Software-related patents are often rejected based on 35 U.S. Code § 101. Software often fails to qualify for patentability under § 101 because the claimed invention is merely an abstract idea performed by a computer.
However, in a recent case the Federal Circuit found a claimed software invention unpatentable because it was obvious.
Uber Techs., Inc. v. X One, Inc. arose out of an appeal from a final decision of the Patent Trial and Appeal Board (PTAB).
X One owned a patent for a “Buddy Watch application” that allows a mobile device user to add other mobile device users to her “Buddy List” and then see the locations of her buddies displayed on a map.
Uber sought inter partes review to invalidate the patent.
Under 35 U.S. Code § 103,
A patent for a claimed invention may not be obtained, notwithstanding that the claimed invention is not identically disclosed as set forth in section 102, if the differences between the claimed invention and the prior art are such that the claimed invention as a whole would have been obvious before the effective filing date of the claimed invention to a person having ordinary skill in the art to which the claimed invention pertains.
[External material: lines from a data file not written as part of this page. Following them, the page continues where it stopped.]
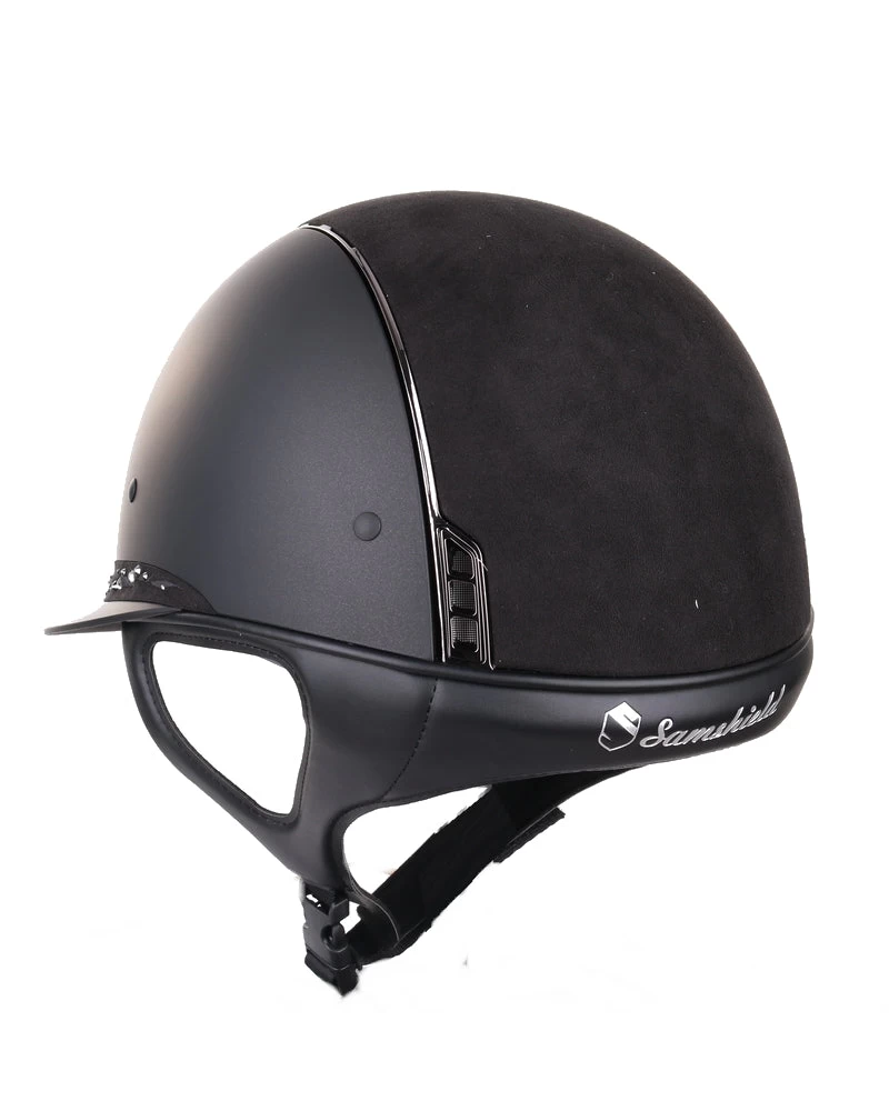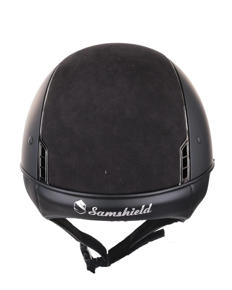 The Miss Shield Shadowmatt helmet is also available in a Shadowglossy and Premium version and can be customized and ordered as desired in the Samshield configurator. The helmet can also be ordered with a dressage chinstrap. This chinstrap is 2.5 cm shorter at the back and provides more room for a hair bun.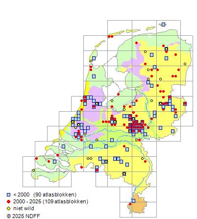 Bron: FLORON - Gemodelleerd op basis van waarnemingen uit de NDFF voor de periode 2000-2021.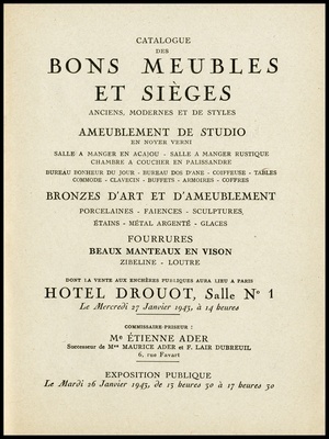 Catalogue des bons meubles et sièges : anciens, modernes et de styles : ameublement de studio en noyer verni : salle à manger en acajou, salle à manger rustique, chambre à coucher en palissandre, bureau bonheur du jour, bureau dos d'âne, coiffeuse, tables, commode, clavecin, buffets, armoires, coffres : bronzes d'art et d'ameublement : porcelaines, faïences, sculptures : étains, métal argenté, glaces : fourrures : beaux manteaux en vison, zibeline, loutre : dont la vente aux enchères publiques aura lieu Hôtel Drouot, Salle No 1 le mercredi 27 janvier 1943 / commissaire-priseur: Étienne Ader, successeur de Maurice Ader et F. Lair Dubreuil

As the US Supreme Court noted, “If a person of ordinary skill can implement a predictable variation, § 103 likely bars its patentability.”
In this case, according to the Federal Circuit,
The difference between server-side plotting and terminal-side plotting amounts to a design choice between whether to plot locations before transmitting location information (server-side plotting) or after transmitting location information (terminal-side plotting). A person of ordinary skill would therefore have two predictable choices for when to perform plotting, providing them with a simple design choice as to whether to plot server-side or terminal-side.
Thus, the court found that the PTAB had erred in not finding that aspect of the claimed invention obvious.